### AIM OF THE EXERCISE
Lines from the one with "epa10302029 Southampton's Mohamed" up to and including the one with "Просторный номер с" are to be copied exactly from the records below, without their pictures.

### DATA FOR ANALYSIS
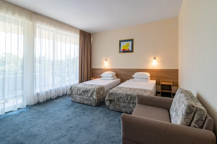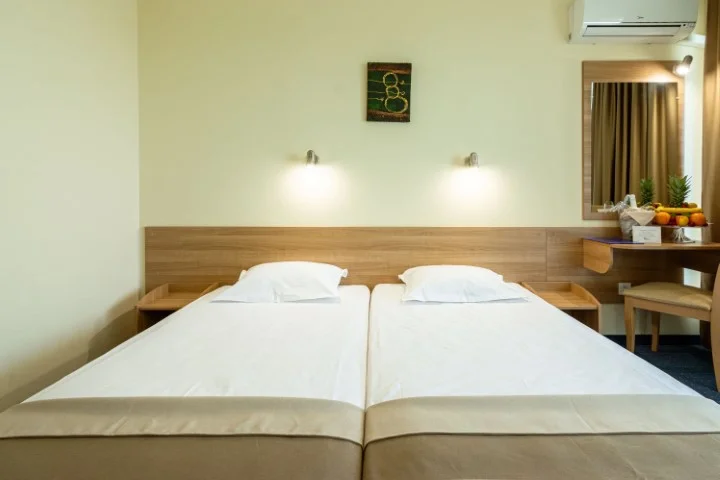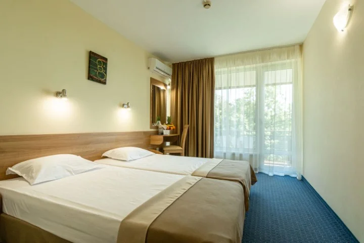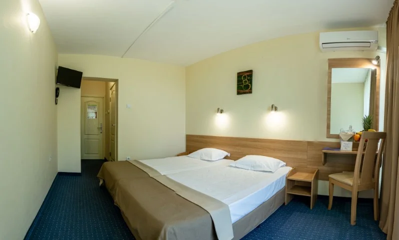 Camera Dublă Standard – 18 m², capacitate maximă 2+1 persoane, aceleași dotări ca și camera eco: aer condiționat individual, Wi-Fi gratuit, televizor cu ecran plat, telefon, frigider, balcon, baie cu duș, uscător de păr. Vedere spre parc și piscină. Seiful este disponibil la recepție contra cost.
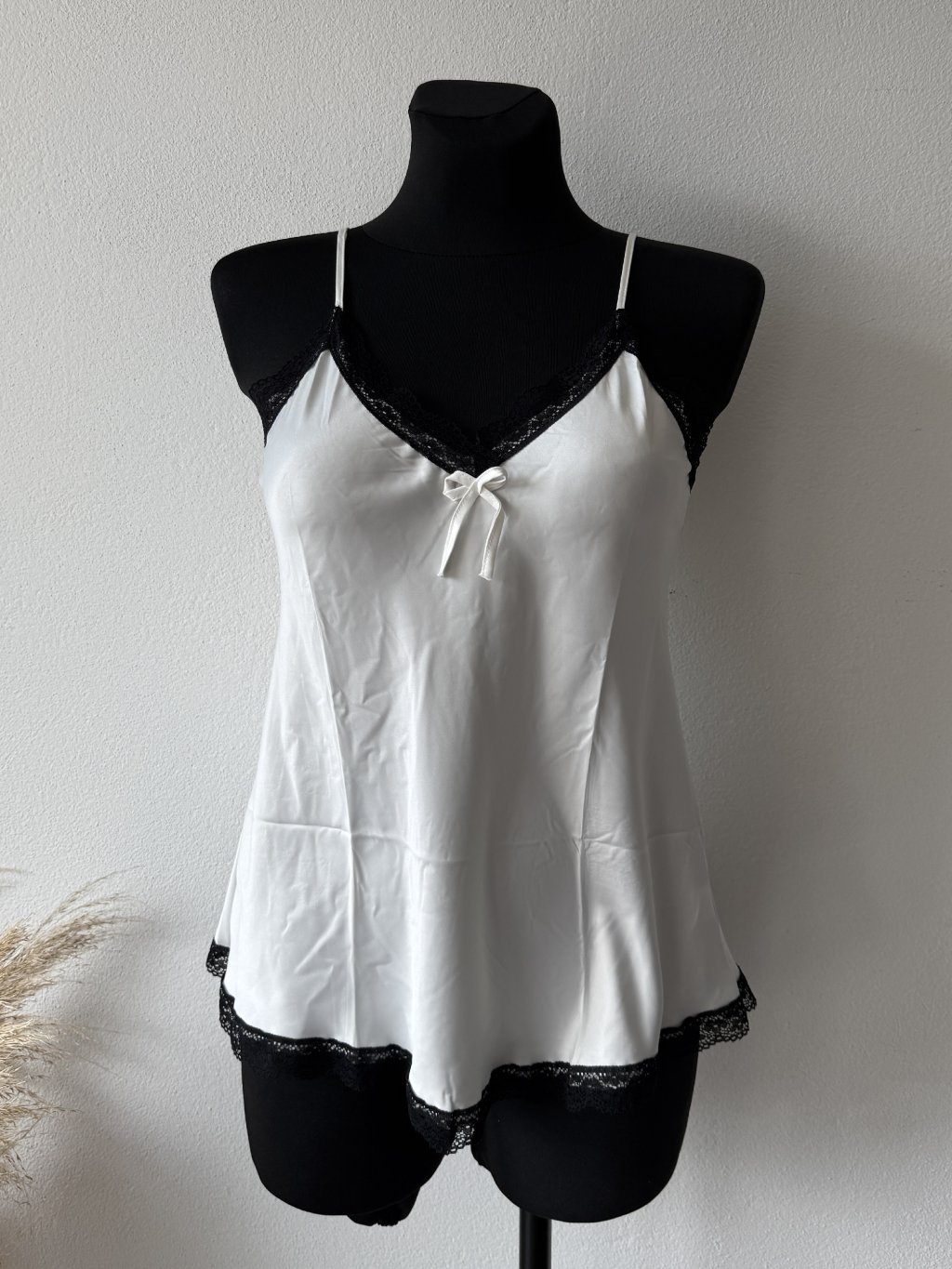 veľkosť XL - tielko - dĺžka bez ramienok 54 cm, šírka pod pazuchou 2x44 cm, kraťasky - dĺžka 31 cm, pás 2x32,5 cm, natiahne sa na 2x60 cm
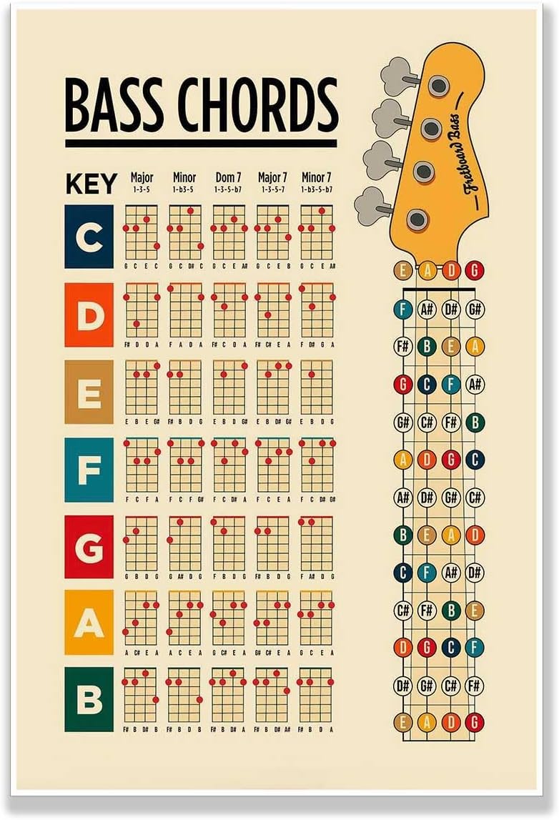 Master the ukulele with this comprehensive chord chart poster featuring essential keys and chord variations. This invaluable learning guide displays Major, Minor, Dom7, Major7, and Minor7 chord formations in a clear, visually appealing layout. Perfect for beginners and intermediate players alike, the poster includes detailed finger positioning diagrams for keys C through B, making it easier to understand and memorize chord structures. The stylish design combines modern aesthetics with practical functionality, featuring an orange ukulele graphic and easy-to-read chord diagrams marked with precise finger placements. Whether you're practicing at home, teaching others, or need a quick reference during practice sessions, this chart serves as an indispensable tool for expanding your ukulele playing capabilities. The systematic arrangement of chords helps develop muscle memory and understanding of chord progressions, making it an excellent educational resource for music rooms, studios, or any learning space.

* * *

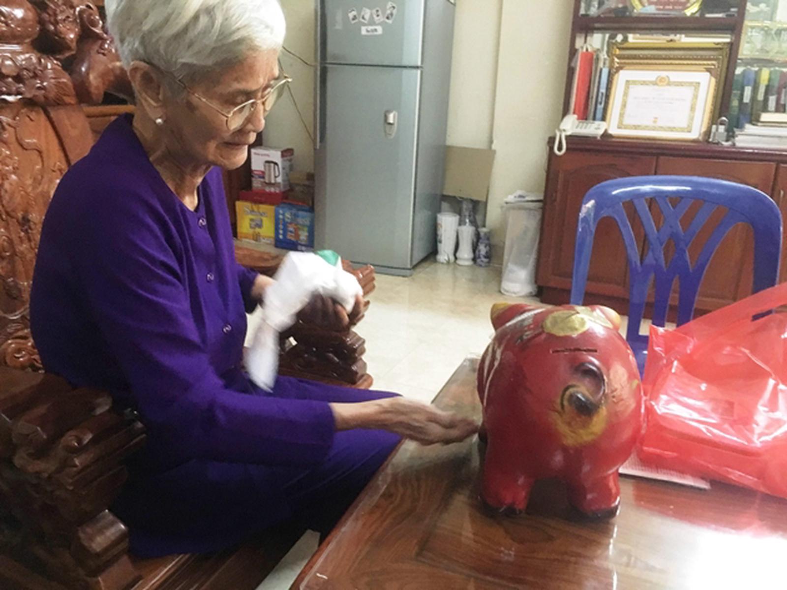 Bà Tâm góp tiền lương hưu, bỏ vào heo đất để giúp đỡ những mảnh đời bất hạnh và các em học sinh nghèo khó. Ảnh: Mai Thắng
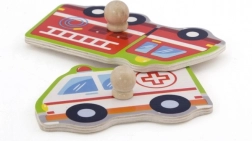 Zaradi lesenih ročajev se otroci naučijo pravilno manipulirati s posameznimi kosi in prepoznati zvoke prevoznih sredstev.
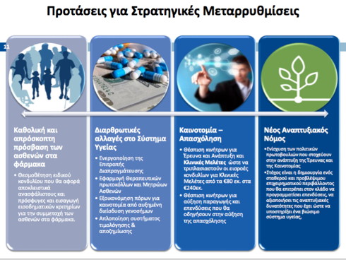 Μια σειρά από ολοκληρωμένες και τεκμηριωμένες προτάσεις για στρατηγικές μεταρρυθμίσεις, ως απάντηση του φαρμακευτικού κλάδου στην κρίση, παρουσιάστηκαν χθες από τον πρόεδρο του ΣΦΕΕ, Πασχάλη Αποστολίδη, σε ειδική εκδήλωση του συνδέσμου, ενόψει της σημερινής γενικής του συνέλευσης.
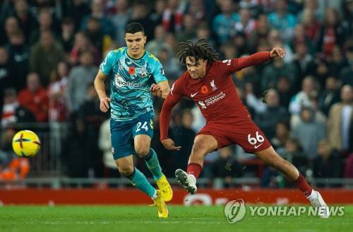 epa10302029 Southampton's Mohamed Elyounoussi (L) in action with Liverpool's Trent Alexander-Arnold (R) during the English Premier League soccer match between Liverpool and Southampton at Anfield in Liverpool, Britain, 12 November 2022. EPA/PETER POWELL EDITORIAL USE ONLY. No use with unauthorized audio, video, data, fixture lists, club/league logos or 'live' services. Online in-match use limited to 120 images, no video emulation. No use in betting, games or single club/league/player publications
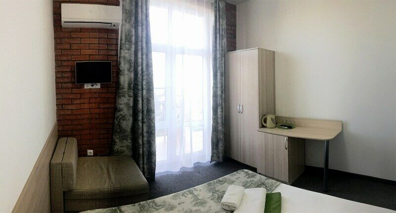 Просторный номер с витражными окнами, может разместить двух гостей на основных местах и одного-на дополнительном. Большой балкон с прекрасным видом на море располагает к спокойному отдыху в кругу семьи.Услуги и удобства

### RESPONSE AREA
 epa10302029 Southampton's Mohamed Elyounoussi (L) in action with Liverpool's Trent Alexander-Arnold (R) during the English Premier League soccer match between Liverpool and Southampton at Anfield in Liverpool, Britain, 12 November 2022. EPA/PETER POWELL EDITORIAL USE ONLY. No use with unauthorized audio, video, data, fixture lists, club/league logos or 'live' services. Online in-match use limited to 120 images, no video emulation. No use in betting, games or single club/league/player publications
 Просторный номер с витражными окнами, может разместить двух гостей на основных местах и одного-на дополнительном. Большой балкон с прекрасным видом на море располагает к спокойному отдыху в кругу семьи.Услуги и удобства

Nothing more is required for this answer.